Listening to past 4 concalls, I felt management to be very very honest and shareholder friendly, they want to share profits plus the treasury income going forward. Will announce dividend policy by next FY.
Current mandate of RBI is that NBFCs can’t share more than 50% pat, promoters talking wd sebi to get exception.
Their Wholesale lending book mainly comprise of Land n Approval funding for which RBI has mandated huge provisioning going forward, basically 12x of current provisioning rate. Now, their majority of books are there in this part. They will syndicate their books into AIF products n sell off.
3 lines of biz-
Investment Banking, Asset n Wealth Management, Alts- AIF etc etc will have huge huge cross selling synergies going head.
Let’s see what management does with the surplus cash.
From NBFC to a pureplay IB n Wealth manager transition.
From Price to Book tracking metric to PE tracking metric.
From Interest based earnings to fee based earnings.
Its in complete transition stage, stock is v cheap right now.
PE is faulty metric right now to use, as still major business line item is NBFC as of now. PE would be good to look at 1 year forward. On P/B basis Its cheap.
And in the new lines of business, the company will continue to invest for next 2 years, keeping the Cost to Income ratio elevated as of now.

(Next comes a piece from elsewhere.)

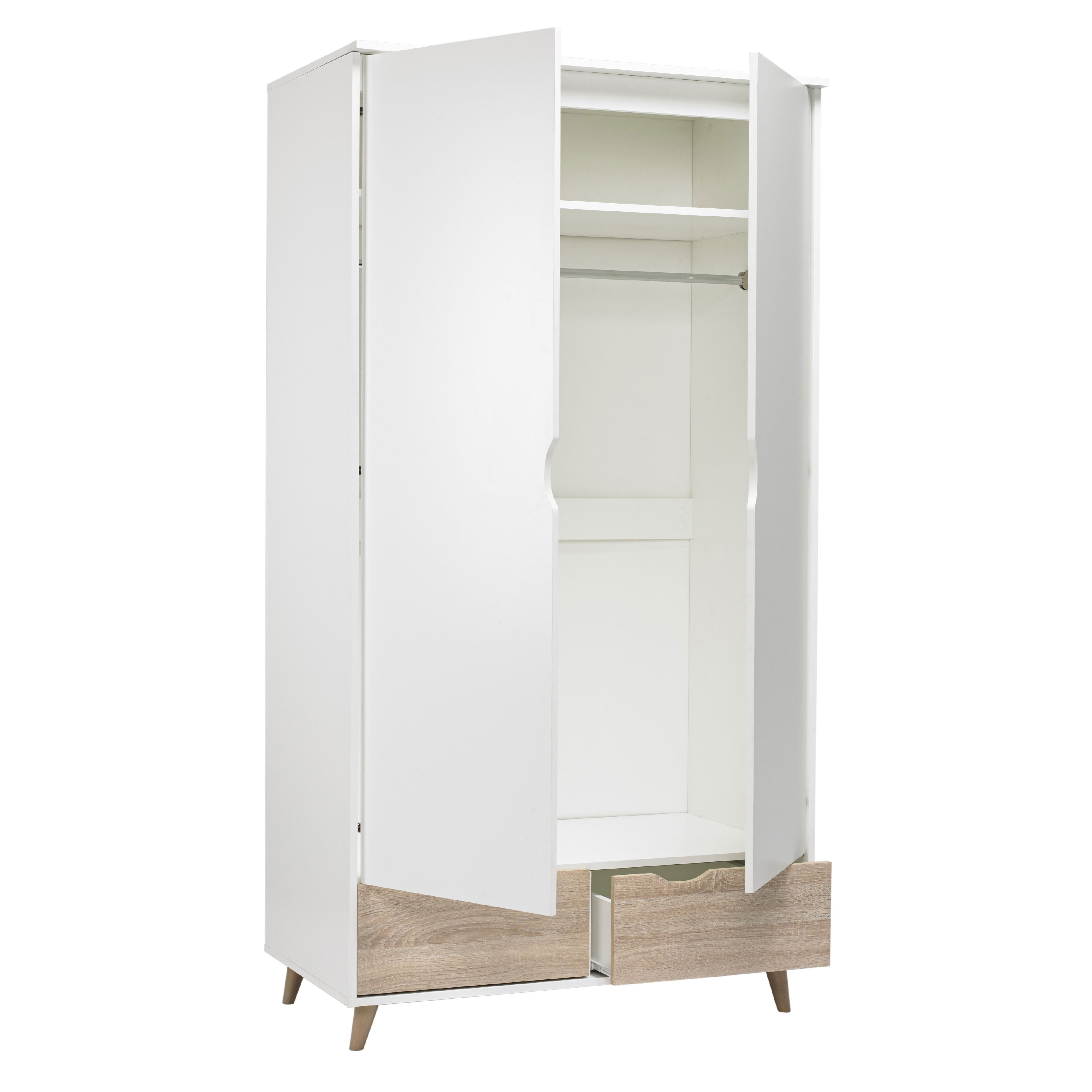 With a matt white finish and delicate legs, LPD Home’s Stockholm wardrobe offers a smart look at an attractive price point. It features a double-door cupboard and two drawers at the bottom, with integral handles for easy use. The oak front detail adds a touch of timeless elegance, perfectly coordinating with the rest of the collection.

Major earnings will be seen from H2FY26 onwards.
Now earnings will constantly deaccelerate as they are selling off their loan books and investing hugely in developing new lines of businesses.

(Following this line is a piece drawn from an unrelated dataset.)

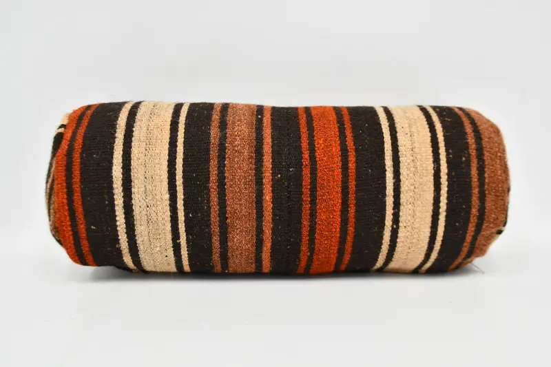 Almohada de tiro a rayas hecha a mano, cojín marrón y rojo de 8x20
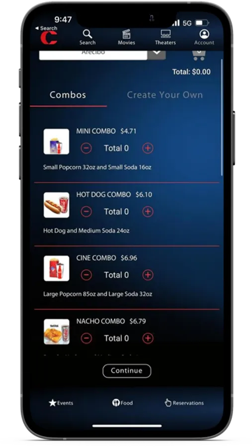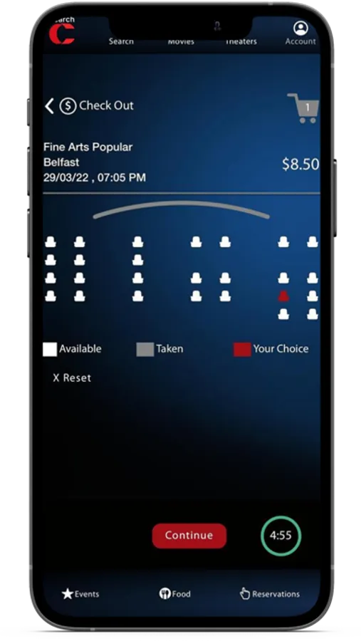 Food & Concessions: Include your concessions in advance, and save time at the theater! Note: all items available ‘in store’ are not yet available ‘in app’

Q1Fy27, company will be fully debt free having 6500 crores of free cash. Plus an integrated wealth and asset management player generating fee income and a cash cow business which is Investment Banking. Plus the major play is on Alts, which company is highly bullish upon.
Its #1 player in IPO n #2 QIPs in India.
One of the best Investment Bankers.
Integrating all these 3 businesses will generate humongous synergies going forward. Will be a play on wealth management. This theme has made wealth globally.

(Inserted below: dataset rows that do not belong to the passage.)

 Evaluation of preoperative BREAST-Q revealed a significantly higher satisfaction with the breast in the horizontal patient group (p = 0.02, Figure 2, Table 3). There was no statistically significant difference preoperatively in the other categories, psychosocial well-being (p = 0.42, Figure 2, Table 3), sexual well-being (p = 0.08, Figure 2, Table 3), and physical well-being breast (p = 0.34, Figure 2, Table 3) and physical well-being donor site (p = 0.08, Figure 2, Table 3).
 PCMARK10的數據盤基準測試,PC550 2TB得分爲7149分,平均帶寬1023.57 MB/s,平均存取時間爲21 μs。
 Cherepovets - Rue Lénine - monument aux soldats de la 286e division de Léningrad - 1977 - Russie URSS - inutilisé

I feel the JM has a huge brand equity in the market, leveraging their brand their can garnish good market share. Going forward, they will keep mix of manufactured product plus distribution.
I feel their experience as an NBFC and IB gives them a huge expertise in manufacturing proprietary AIFs n diversified products, generating good fees income.
It all depends upon the execution, whether they be able to sell their products or not.
I feel the management to be extremely honest and minority shareholder friendly plus having good forward vision.
Each segment of the business has its own vertical head. Plus now they are giving ESOPs to their heads to retain n make them more incentivise to work.
Story can play out in next 2-3 years.
Invested and Biased. Though major play will happen in H2FY26 I believe.